A Shy Solitary Creature

Pangolins are solitary and primarily active at night, which makes this sighing extra special. Most live on the ground, but some, like the black-bellied pangolin, also climb trees.

They are generally the size of a house cat, but grow to more than a metre long. Their scales are made of keratin, the same material found in human fingernails.

When pangolins feel threatened or stressed, they curl up into a ball, like an armadillo. They can also release a stinky fluid from a gland located at the base of their tails, which acts as a defence mechanism. Luckily this particular one was very calm and relaxed, which made our sighting extra unique and memorable.

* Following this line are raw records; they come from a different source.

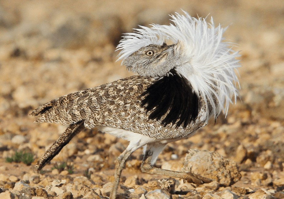 The houbara bustard holds cultural significance in the MENA region, particularly in traditional falconry. Overhunting and habitat degradation have led to significant population declines.
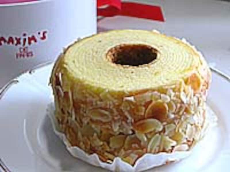 なんとあのマキシムからもバウムクーヘンが出ていたのですね! ブライダル用商品なので、ショップでは展示していないようです。他のバウムに比べるとわりと小ぶりで、一人暮らしの友人への引菓子としてもおすすめ。周りに薄切りのアーモンドが貼ってあって、香ばしい。マキシムのバウムクーヘンだけあって、フランス菓子っぽい感じかな? しっとりとした触感で、濃厚な味わいです。ブライダルハットボックスという名前だけあって、帽子箱を思わせるキュートなラッピングも素敵です。「ブライダルハットボックス」1000円。ネット通販OK。
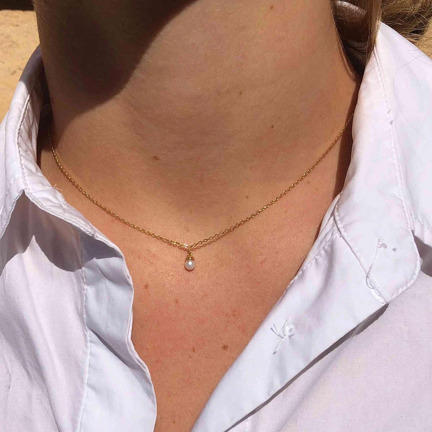 Pearl halskæde fra Hultquist udført i forgyldt sterlingsølv med hvid ferskvandsperle.
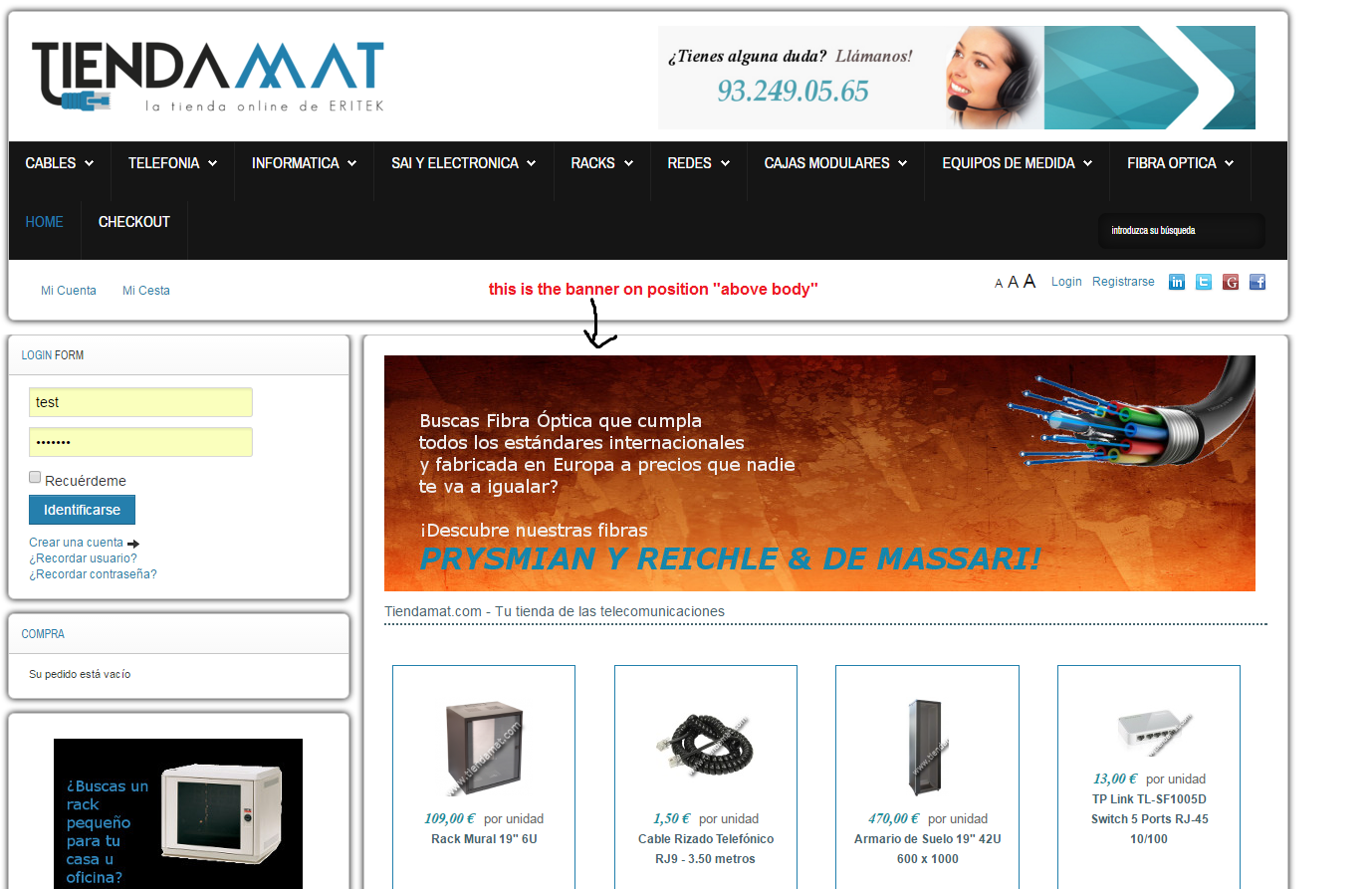 The problem comes, that I have a banner on a position above the body. It shows good in the homepage too, but there should be the only place where it should show. But then, the banner shows up on some products.
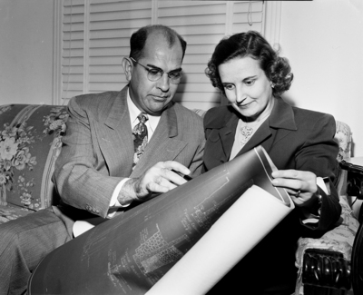 James L. Standridge, Church of Christ minister, who has an outstanding record for building congregations and churches for his faith, explains blueprints to his wife, Ruth J. Standridge for his latest venture, the new Ridglea West Church of Christ.
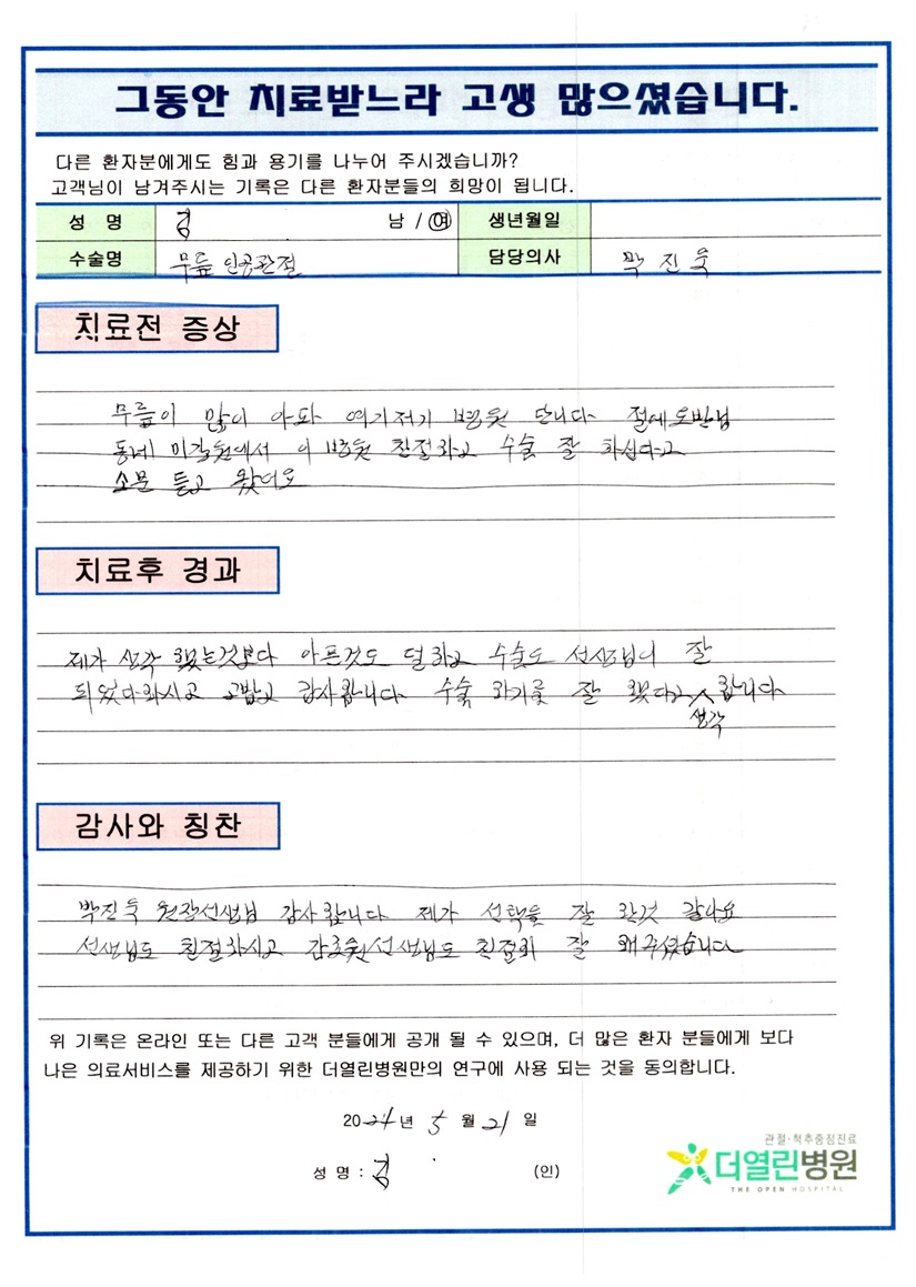 우측 무릎 인공관절치환술 페이지 정보 작성자 관리자 댓글 0건 조회 97회 작성일 24-06-04 12:24 본문 목록 이전글좌측 반월상연골절제술 24.06.04 다음글양측 무릎 인공관절치환술 24.06.04 댓글목록 댓글목록 등록된 댓글이 없습니다.
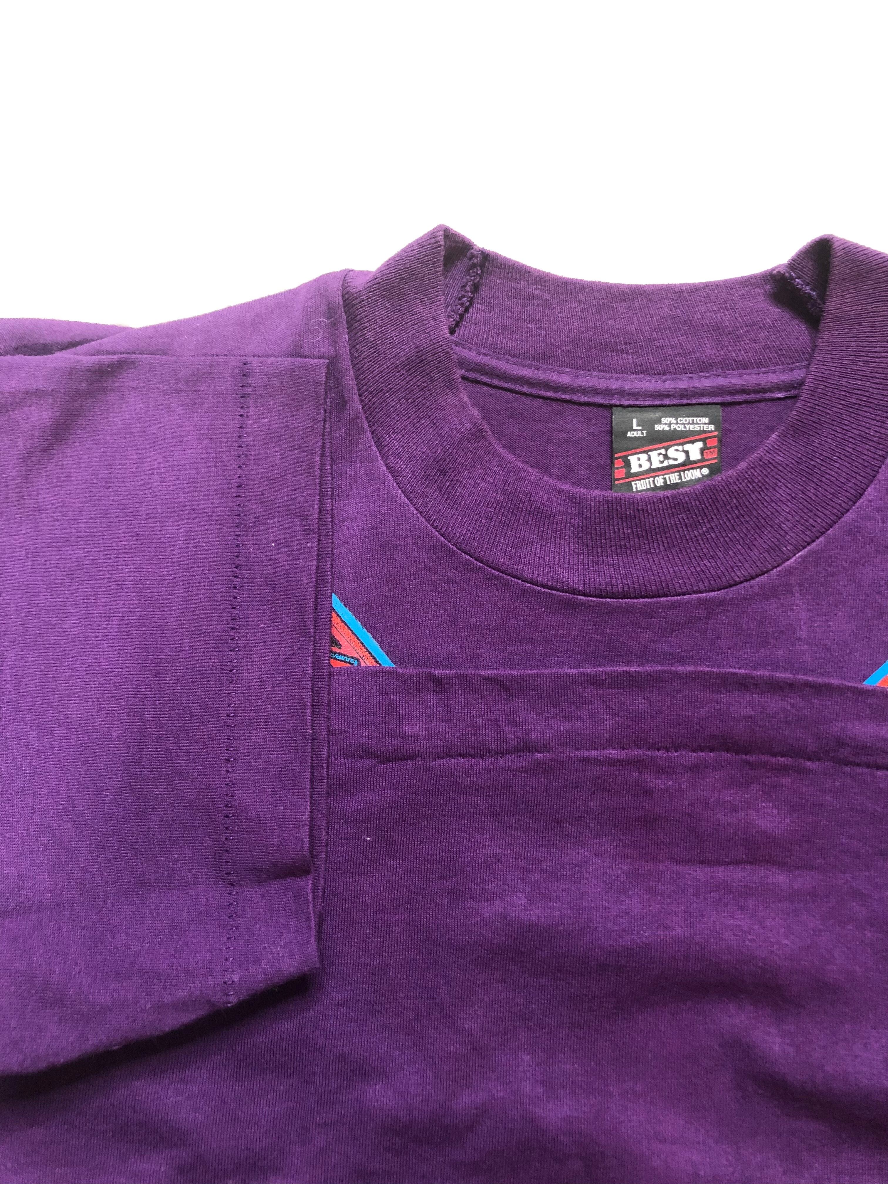 紫色のボディに鮮やかな民族柄のプリントが印象的な1枚です。
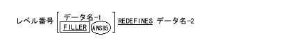ただし、データ名-1の領域がデータ名-2の領域よりも大きくてもよい場合を除く。この場合、再定義する項目と再定義される項目の大きい方を収められるだけの記憶領域がとられる。
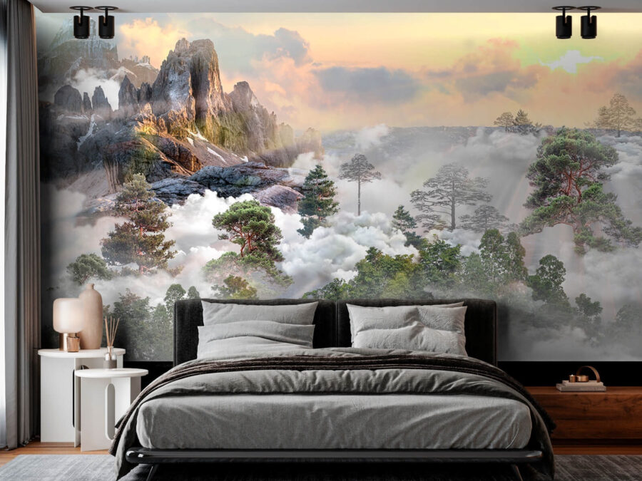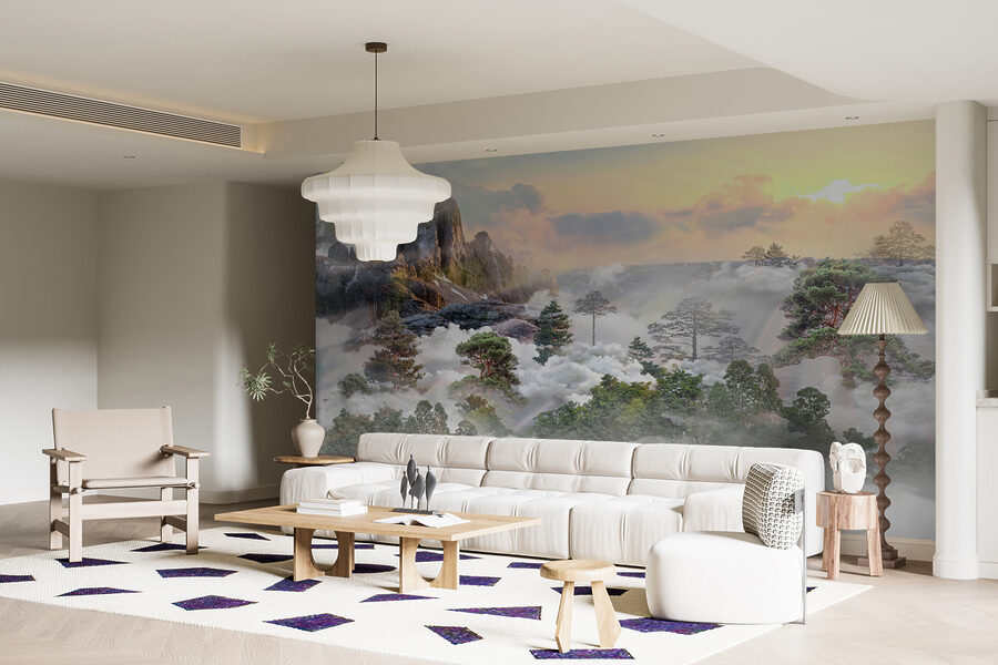 Imagínese una escapada de ensueño en su propia casa. El mural “Nubes en el cielo” es como una suave brisa que susurra historias de serenidad. Con suaves nubes a la deriva sobre majestuosas montañas, este mural le transporta a un lugar donde las preocupaciones se alejan flotando. Es perfecto para cualquier habitación que necesite un poco de fantasía, como salones o rincones acogedores.
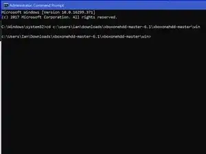 Введите команду "cd C:\Users\(Your Name)\Downloads\xboxonehdd-master-6.1\xboxonehdd-master\win"
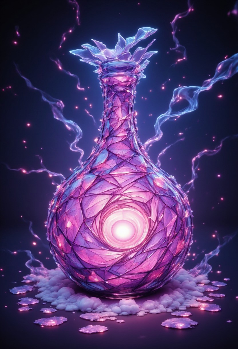 An exquisitely designed magic potion bottle, floating gracefully in mid-air, radiating vibrant pink and purple hues. The centerpiece of the bottle is its swirling, luminous liquid, glowing intensely with shifting gradients of pink, violet, and magenta, as if alive with magical energy. The glass is crystal-clear, enhancing the visibility of the dynamic liquid within, while the exterior is adorned with intricate arcane carvings, ornate metallic accents, and shimmering crystalline embellishments. Surrounding the potion are radiant embers, sparkling trails, and ethereal energy wisps that pulse and flow around it, amplifying its otherworldly presence. Rendered with extraordinary detail, the scene captures every texture, reflection, and magical effect, emphasizing the mesmerizing, glowing core of the potion

Daily Life of the Endangered Pangolin

Like anteaters, pangolins have long snouts and even longer tongues, which they use to lap up ants and termites they excavate from mounds with their powerful front claws. Interestingly, they can close their ears and noses to keep pesky ants out while they’re feasting away!

Although they look and act like anteaters and armadillos, pangolins are more closely related to bears, cats, and dogs!

The only time pangolins spend time together is when they mate and bear young. Some pangolin fathers will stay in the den until the single offspring is independent. Babies, or pangopups, are born with soft scales that harden after two days, but they will ride on their mothers’ tails until they’re weaned at about three months.